Israel Brewster <ijbrewster@xxxxxxxxxx> · Fri, 8 Nov 2019 14:27:51 -0900

I have the following query:
SELECT
	read_date,
	to_char(read_date,'YYYY-MM-DD') as text_date,
	CASE WHEN lat_2>lat_1 THEN
		ns_dist*-1
	ELSE
		ns_dist
	END as ns_dist,
	CASE WHEN lon_2>lon_1 THEN
		ew_dist*-1
	ELSE
		ew_dist
	END as ew_dist,
	CASE WHEN alt_2>alt_1 THEN
		(ud_dist*-1)::float
	ELSE
		ud_dist::float
	END as ud_dist,
	lat_e/10::float as lat_e,
	lon_e/10::float as lon_e,
	alt_e/10::float as alt_e,
        CASE WHEN rapid THEN
            1
        ELSE
            0
        END as rapid
FROM
	(SELECT
		g1.read_date as read_date,
		g1.rapid as rapid,
		g1.lat as lat_1,
		g1.lon as lon_1,
		g1.alt as alt_1,
		g2.lat as lat_2,
		g2.lon as lon_2,
		g2.alt as alt_2,
		ST_Distance(ST_SetSRID( ST_Point( g1.lon, g1.lat), 4326)::geography,
					ST_SetSRID( ST_Point( g1.lon, g2.lat), 4326)::geography)/1000 as ns_dist,
		ST_Distance(ST_SetSRID( ST_Point( g1.lon, g1.lat), 4326)::geography,
					ST_SetSRID( ST_Point( g2.lon, g1.lat), 4326)::geography)/1000 as ew_dist,
		g1.alt-g2.alt ud_dist,
		sqrt(g1.lat_e^2+g2.lat_e^2) as lat_e,
		sqrt(g1.lon_e^2+g2.lon_e^2) as lon_e,
		sqrt(g1.alt_e^2+g2.alt_e^2) as alt_e
	FROM gps_data g1
	INNER JOIN gps_data g2 ON g2.read_date=g1.read_date
	WHERE g1.station=%s AND g2.station=%s
	) g3
ORDER BY read_date;

Which, when executed on my system for a particular par of g1.station and g2.station takes about 190ms to run (explain output here: https://explain.depesz.com/s/8Nf9 ). This is not horrible, but when running this query for a dozen stations, it becomes noticeable. As such, I was wondering if I could do better. Looking at that explain output, I noticed that the largest time sink was the Merge Join at 114ms. Some research into that gave me the command "set enable_mergejoin=off” which I tried just for fun to see what would happen. 
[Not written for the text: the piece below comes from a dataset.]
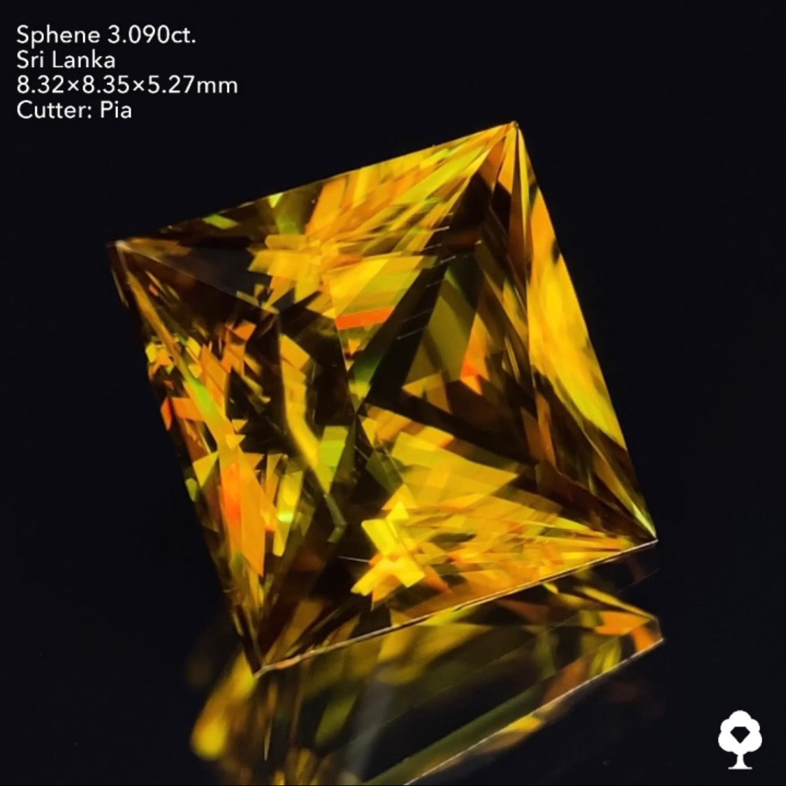特筆するインクルージョンのない美しい結晶がGTJメインカッター【ピアッちゃん】の冴え渡るテリツヤ抜群のカットによって、スフェーンの高い屈折率とダイヤモンドを超える分散度が最大限引き出され、圧巻の輝きとファイアーを放ちます。

Somewhat to my surprise, this actually shaved a good 80ms off the total run time (see https://explain.depesz.com/s/kpncZ). Looking at that, I see it does a Parallel Hash Join, which looks like it should be slower, but I guess since it can do it in parallel, it winds up faster? Not sure on that, but the overall time is definitely significantly faster. Which leaves me with a couple of questions:

1) Since not using a merge join is, in this case apparently better, is there some way I can tweak the query/settings such that it knows this without having to force the merge join off?
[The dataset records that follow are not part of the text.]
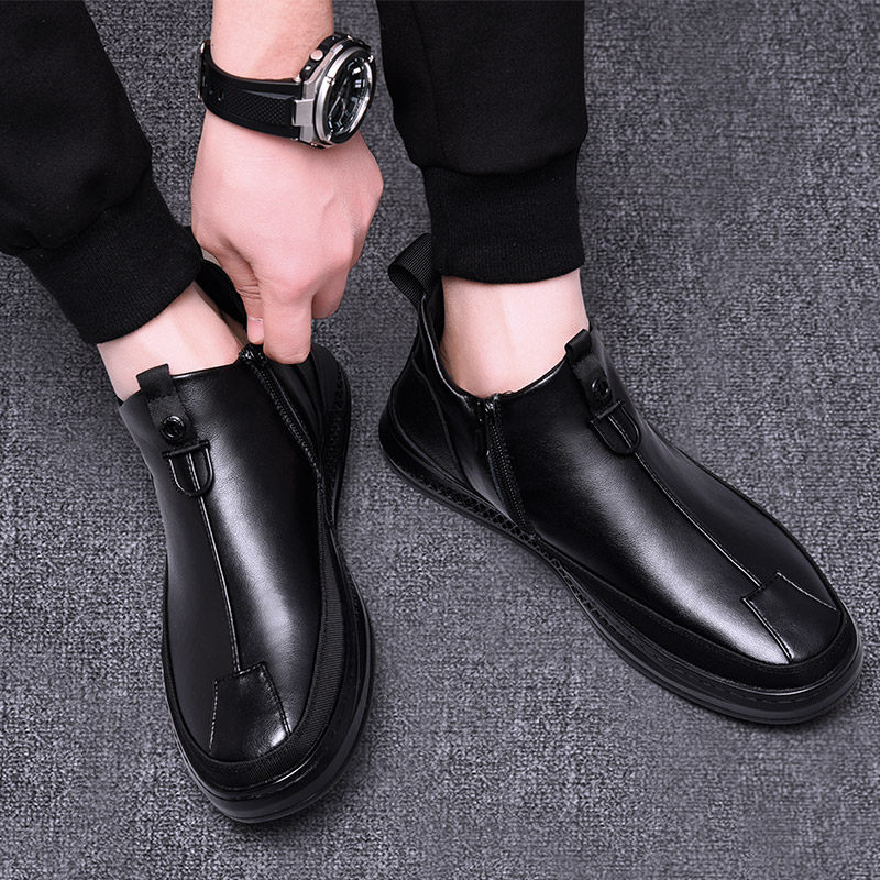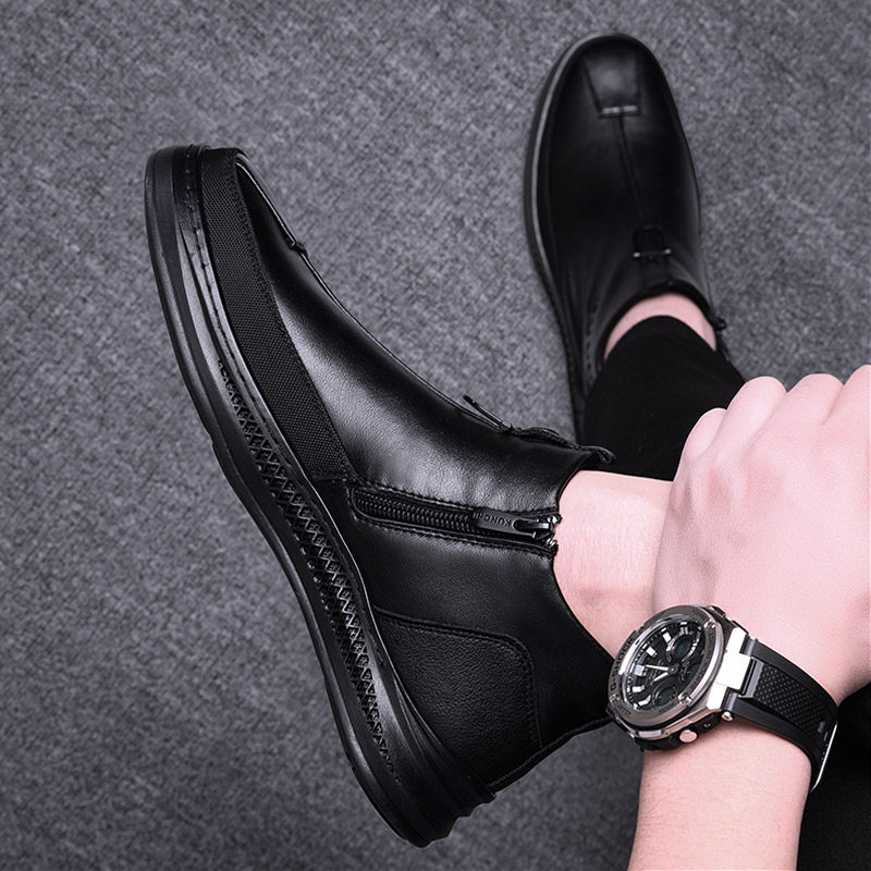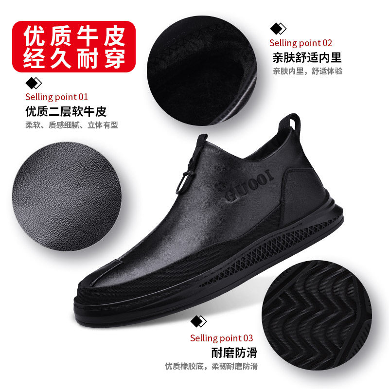 Men's shoes winter plus velvet warm trendy shoes leather men's casual leather shoes business Korean version of the British all-match trend shoes
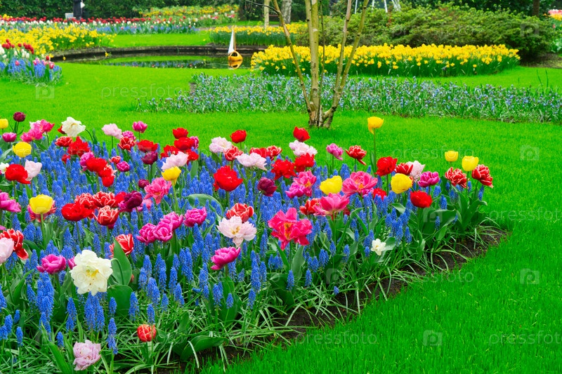 Путь через яркий сад тюльпанов в полном цветении во время восхитительного весеннего сезона захватывает дух
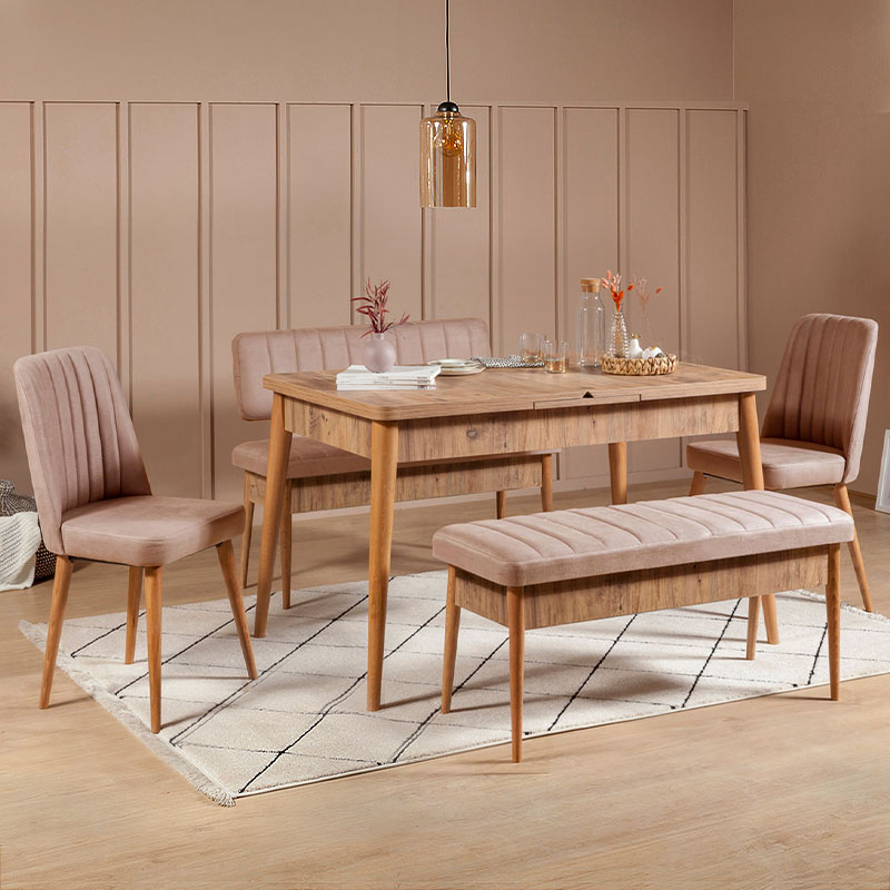 Καναπές διθέσιος – Παγκάκι Alden Megapap από μελαμίνη – βελούδο χρώμα μπεζ 110x40x85εκ.
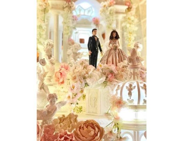 وتم تصميم كعكة فريدة من نوعها على شكل قلعة مصنوعة بالكامل من السكر، وتم تزويدها بأبراج، وتزيينها بالكرز والزهور، وداخل الكعكة نفسها تقف قلعة معقدة مصنوعة بالكامل من السكر، كاملة مع الأبراج والمعابد، والزهور والخنادق.

2) If not, are there any side effects/gotchas I should be aware of if I simply call that set command before each query (or, presumably before the series of queries)?

3) Is there anything else I can do to optimize the query? I have tried using a pre-calculated point column rather than calculating ST_Point( g1.lon, g1.lat), as well as providing “false” as the last argument to ST_Distance, but while these did speed things up some, it was only about 10ms or so, so not terribly significant.

If it helps, the goal behind the somewhat odd arguments to ST_Distance is to find the component North/South and East/West distances, rather than the actual total “point a to point b” distance. Perhaps there is a better way of obtaining that goal?

---
Israel Brewster
Software Engineer
Alaska Volcano Observatory 
Geophysical Institute - UAF 
2156 Koyukuk Drive 
Fairbanks AK 99775-7320
Work: 907-474-5172
cell:  907-328-9145